TOBY MELVILLE/AFP/Getty Images(LONDON) — Prince William and Duchess Kate are lifting the veil on one of the most difficult and vexing subjects young people are struggling with as they grow up: suicide.

The future king and queen are continuing their mental health campaign, which has become the number one priority in their charitable endeavors.

The royal couple Thursday comforted mental health patients at St. Thomas Hospital in London, where a suicide prevention program strives to provide a safe place for young people contemplating suicide.

The Duke and Duchess of Cambridge met with Jonny Benjamin, who was diagnosed with schizophrenia at age 20. Benjamin felt so lost that he attempted to take his life by jumping off a bridge in London six years ago.

A passerby saw Benjamin and talked him off the ledge. Benjamin started a campaign to find the good Samaritan called Neil Laybourn, who changed his life and gave him the courage to survive and deal with his disease.

The campaign went viral. William and Kate visited the two men and other young people struggling with mental disease.

“Someone told me five people a day try and kill themselves,” William told the two men. “I was just blown away by the statistics.”

With Kate at his side, he added: “For both of us, the mental health piece has got lots of aspects. It’s such a big issue that we need to do something about it.”

William’s job as an air ambulance pilot has exposed him to several young men who felt hopeless and wanted to end their lives. As a result, William was struck by the lack of resources for young men struggling with suicidal thoughts.

William, Kate, and Prince Harry are making a renewed commitment to raise awareness on this issue. William plans to focus on male suicide and his brother, Harry, is committed to raising awareness of veterans who’re struggling with mental health issues and invisible injuries.

Kate has been highlighting children’s mental health and has stressed repeatedly that mental health is often the root cause of more significant problems later in life, like addiction, homelessness, crime and abuse.

“We see through the work we do with addiction, homelessness and crime that a lot of it stems back to childhood,” she said.

Benjamin said he hoped to encourage young people who had feelings of hopelessness.

“I wanted to let people know it’s OK to have suicidal thoughts and feelings,” he said. “When you’re in a place where you want to end your life, you’ve got no hope left and no belief left in yourself.”
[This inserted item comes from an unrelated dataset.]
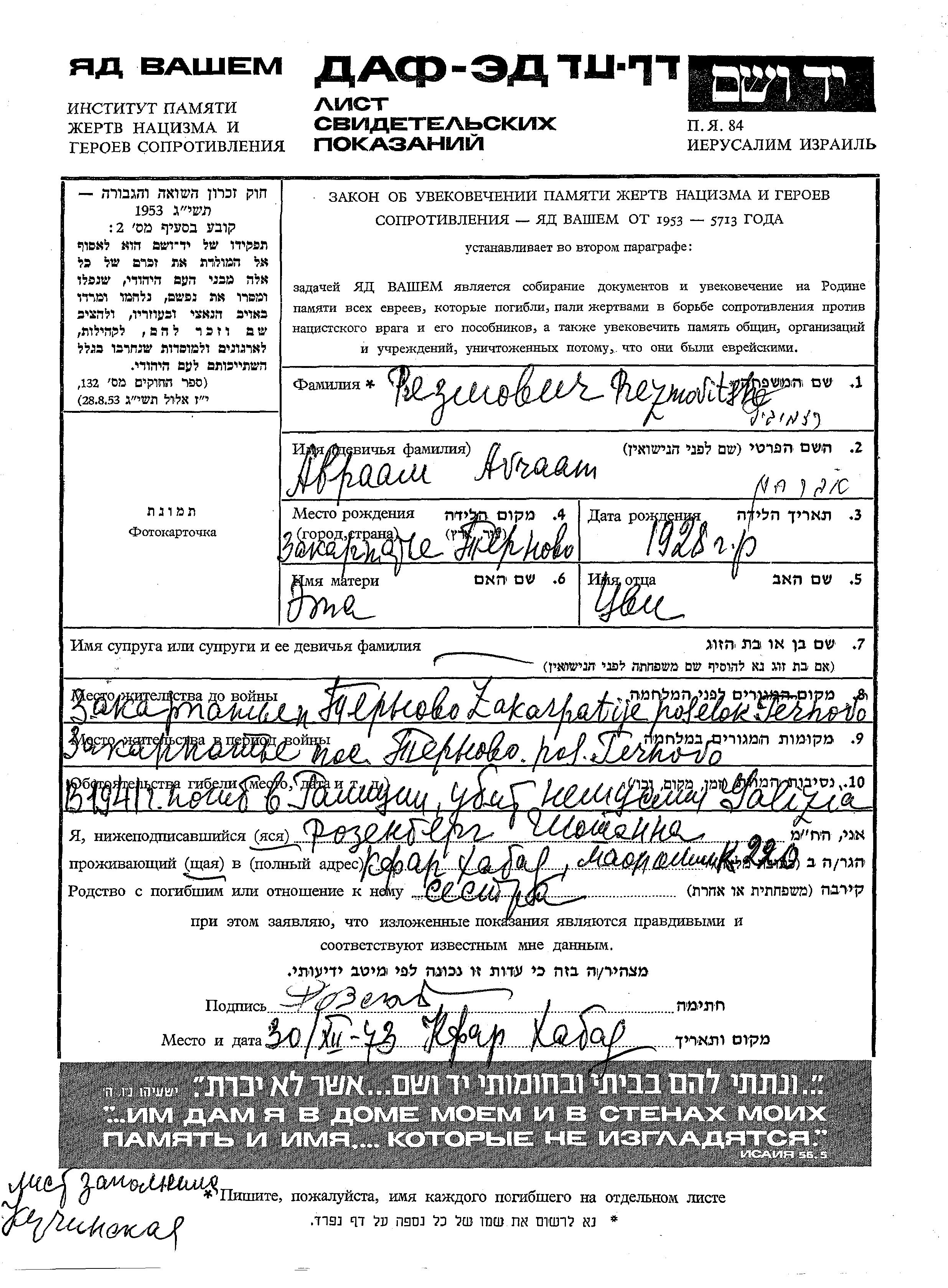 Rezmovitsh Avraam 1928 Ternovo, Czechoslovakia Page of Testimony

William and Kate later returned to Kensington Palace where people screened a documentary about Benjamin’s suicide attempt and quest to find the man who saved his life.
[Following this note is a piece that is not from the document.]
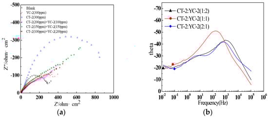 The impedance spectra of the systems with different concentrations of CT-2 and YC-2 were obtained via EIS testing and are shown in Figure 22. The Nyquist diagrams seemed to be composed of a small arc and a long diagonal line. However, the oblique line could not reach the condition of the diffusion process (45° oblique line), which only represented a circular arc with a relatively large diameter. Therefore, the Nyquist diagrams were still composed of capacitive reactance arcs. From the EIS phase diagram (Figure 22b), we can see that the curves of the systems with three concentration ratios had two-time constants, but the curve of the system with the ratio of 1:1 for CT-2 to YC-2 was not obvious.
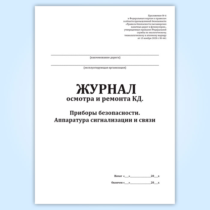 Журнал осмотра и ремонта канатной дороги. Приборы безопасности. Аппаратура сигнализации и связи (форма № 9) в Кызыле купить

William encouraged the young people who had been invited to the palace to feel comfortable taking about their concerns and feelings.

“I really feel that we don’t listen and we don’t talk enough so I hope that, if anything, you take away from today is to talk amongst yourselves, to share your problems and communicate and be there for each other,” he said. “Thank you all for being here today and sharing.”
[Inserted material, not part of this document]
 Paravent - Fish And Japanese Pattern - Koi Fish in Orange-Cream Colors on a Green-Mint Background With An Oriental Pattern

The duchess has made the mental well-being of young people her priority. Just last month she issued a public service announcement on mental health. She also turned Kensington Palace into a makeshift newsroom to participate as guest editor of a special blog on mental health awareness.

Earlier in the day Thursday, William and Kate made a private visit to a charity providing a residential care center for suicidal young people.